These UFS mpi regression tests pass with CICE at CICE-Consortium#1054 @apcraig . That is no longer the case for CICE at top of CICE-Consortium/main

@apcraig
Copy link
Copy Markdown

apcraig commented Feb 25, 2026

OK, CICE-Consortium#1054 is Nov, 2025. Since then answer changes were introduced in CICE-Consortium#1067, CICE-Consortium#1089 if you're using the new snow physics,

@NickSzapiro-NOAA
Copy link
Copy Markdown
Collaborator Author

Maybe I should be clearer. The baselines have changed (with zap residual). Coupled runs using different MPI tasks don't match each other

@apcraig
Copy link
Copy Markdown

apcraig commented Feb 25, 2026

OK, I understand now. Standalone CICE testing suggests runs are bit-for-bit with different block size, task, and thread counts. Let me know if I can help pin this issue down.

@NickSzapiro-NOAA
Copy link
Copy Markdown
Collaborator Author

Great that CICE standalone passes @apcraig ! We use grid_format='nc' so that narrows things.

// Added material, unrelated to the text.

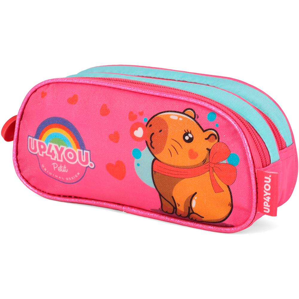 Estojo escolar duplo, Up4You Capivara, Rosa, Luxcel - PT 1 UN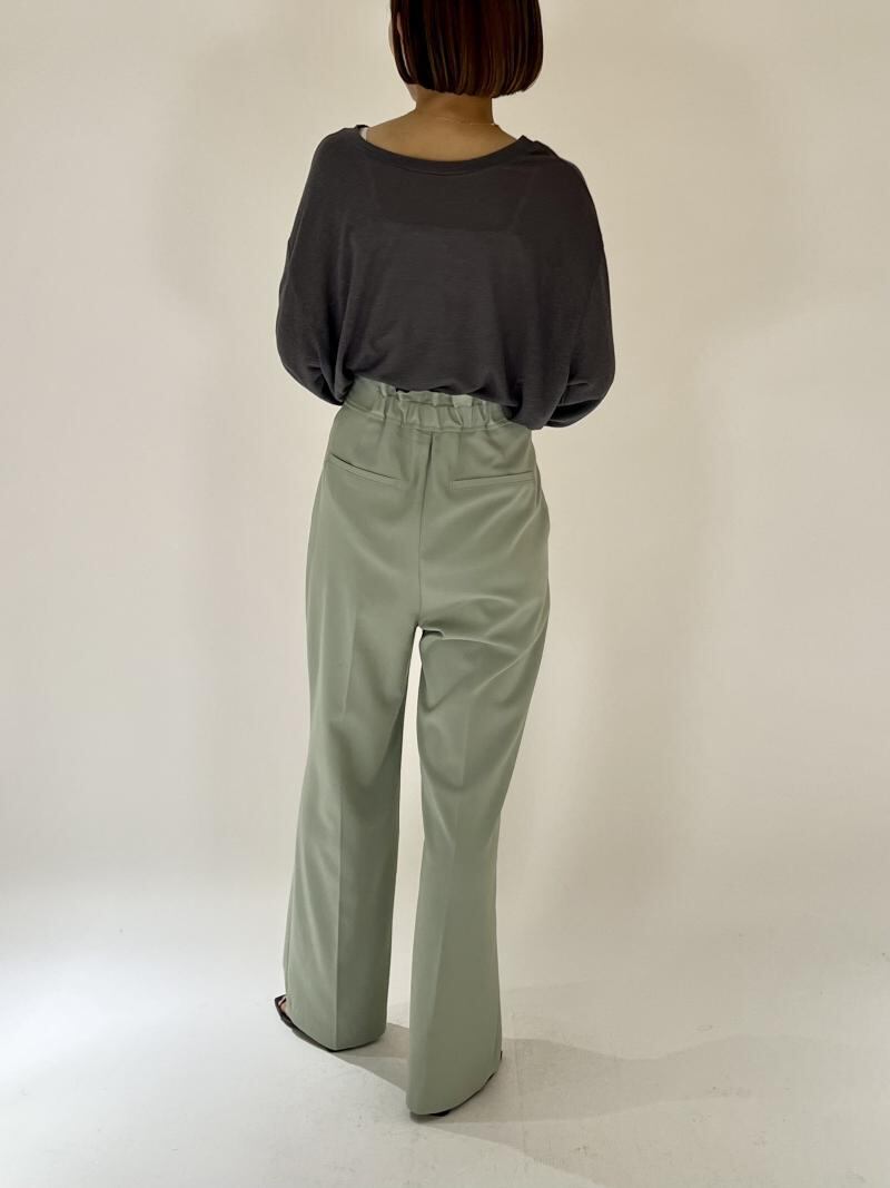 麻のカジュアルな雰囲気とポリエステルの落ち感を掛け合わせた素材は今までのパンツにない風合いで、すでにこのアイテムをお持ちのお客様にもおすすめの1枚です。

I can only figure it's related to CICE-Consortium#1079 , particularly in the changes around gridbox_verts as now call gridbox_verts after scatter_global and ice_HaloExtrapolate (?)

@apcraig
Copy link
Copy Markdown

apcraig commented Feb 25, 2026

Another idea. We do not test a MOM grid. It would be great to add one. Maybe someone can provide a coarse grid we can use. But, it's possible something was missed along the way related to the MOM grid implementation?

@NickSzapiro-NOAA
Copy link
Copy Markdown
Collaborator Author

NickSzapiro-NOAA commented Feb 26, 2026

I'll try to isolate the troublesome commit

Well, @DeniseWorthen has made several MOM fix files from 1/4 to 9 degrees:
https://noaa-ufs-regtests-pds.s3.amazonaws.com/index.html#input-data-20251015/MOM6_FIX/
But we haven't used mom_nc gridtype yet. Probably Anton has more there

I'm sorry I should know more about CICE standalone+unit testing @apcraig
Are there tests to check that CICE standalone for our 1 degree passes
https://noaa-ufs-regtests-pds.s3.amazonaws.com/index.html#input-data-20251015/CICE_FIX/100/

@apcraig
Copy link
Copy Markdown

apcraig commented Feb 26, 2026

@NickSzapiro-NOAA, there are no standalone tests with any MOM grids. I will try to setup some standalone testing with one of the lower resolution grids. Separately, I encourage you to try to identify when the problem was introduced. There were several updates over the last few months, including some that impacted infrastructure.

@NickSzapiro-NOAA
Copy link
Copy Markdown
Collaborator Author

Thanks @apcraig . fwiw, reverting extended grid commit 26a5cfe doesn't fix it. I'm trying the zap residual and history changes too separately

Denise found that the first restart reproduces, but the next one doesn't ... maybe the thresholding in zap residual is sensitive to the order of operations across tasks (?)

@apcraig
Copy link
Copy Markdown

apcraig commented Feb 26, 2026

My understanding of zap residual is that it's just local and the parameters are identical at all grid points. I would be surprised if that result had a decomposition issue. But definitely worth confirming.

@NickSzapiro-NOAA
Copy link
Copy Markdown
Collaborator Author

Quick summary is that there is a lack of reproducibility in this update when change number of MPI tasks for 3 UFS RTs (cpld_mpi_p8, cpld_mpi_gfsv17, cpld_mpi_pdlib_p8). Towards isolating problem, I tried these today:

  • Reverting extended grid 26a5cf doesn't fix
  • Changing itd_area_min=itd_mass_min=0 doesn't fix
  • Reverting histrest 29f63e doesn't fix
  • Reverting CMIP7 a214a7 + 27a498 fixes cpld_mpi_p8 but not cpld_mpi_gfsv17 or cpld_mpi_pdlib_p8
  • Remove aicen sifb from history doesn't fix

Also, there is a code difference in ice_read_hist for netcdf vs. pio if history restart file does not exist

@apcraig
Copy link
Copy Markdown

apcraig commented Feb 27, 2026

Changing code and fixing some cases sounds to me like a compiler issue. Maybe the next step is to reduce the optimization of the compilation in the ice model just to see if that makes the problem go away. If it does, then that doesn't absolve the ice model completely, but might point us one way or another. Is there something about the compilation in UFS that is too aggressive? Does this happen on all machines? Has the CICE code update created a situation where the compiler is being too aggressive or generating an error? Can a CICE modification provide a temporary fix?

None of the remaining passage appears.